Turning unused buildings into "sexy" self-storage
As a commercial real estate professional, Katharine Lau has walked through a lot of buildings, always noting weird and unused "funky" spaces.
Driving the news: Struck by the wastefulness of such vacant square footage in otherwise dense urban areas, Lau founded Stuf Storage in 2020. The startup transforms unused basements, storefronts and other spaces into self-storage units.
- The company is in eight markets with 22 locations, including two that opened in Seattle this spring at 220 Second Avenue South and 401 Union Street.
Why it matters: In cities like Seattle with a plethora of office vacancies, city leaders are calling for innovative ways to use that space and encouraging businesses to see opportunity in serving the needs of a growing residential population.
- Lau's concept is also better for the environment, she told Axios, as it creates storage in existing buildings rather than relying on construction.
How it works: Lau enters into a revenue-sharing contract with owners who have space.
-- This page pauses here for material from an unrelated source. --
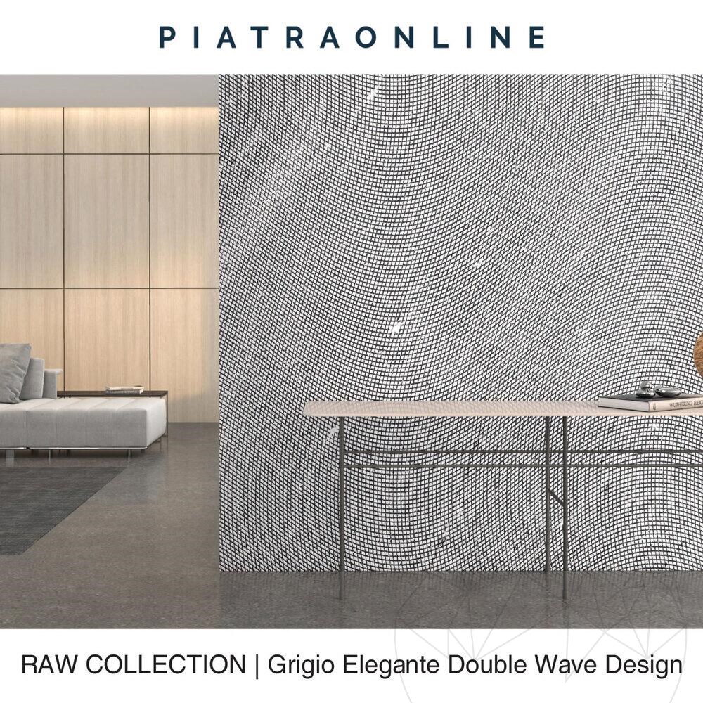 The RAW Collection highlights the natural beauty of the stone, with each slab underlining its original texture and markings. The rough-hewn edges and irregular surfaces of Grigio Elegante Double Wave Design Slab 2 cm certify the raw power of nature and add a distinctive touch of authenticity to any space.
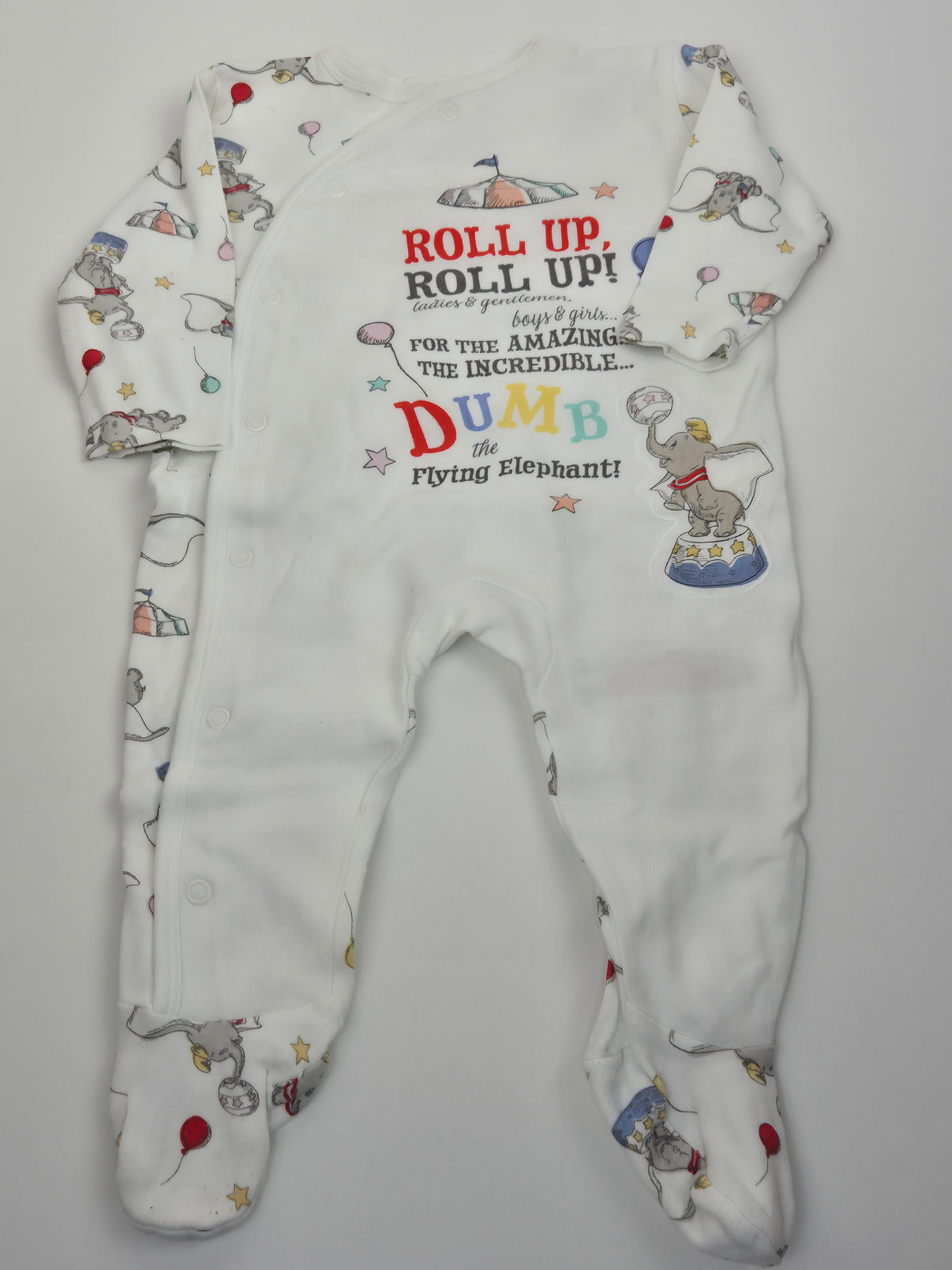 Roztomilé dupačky v čistě bílé barvě s pohádkovým motivem slůněte Dumbo. Jemný celoplošný potisk s balónky, hvězdičkami a cirkusovými detaily je doplněný barevným nápisem na přední straně v odstínech červené, modré, žluté a šedé. Celkový vzhled působí hravě, ale zároveň velmi něžně.

She then installs prefabricated, secure and tech-enabled storage equipment.
- Landlords are finding the storage units provide an amenity for commercial and residential tenants that makes money instead of costing it, she said.
What's next: Lau said she wants to do for self-storage what Warby Parker did for eyeglasses, elevating a common item into something "accessible, sexy and fashionable."
- She aims to triple in size, from 600 to 2,000 customers this year.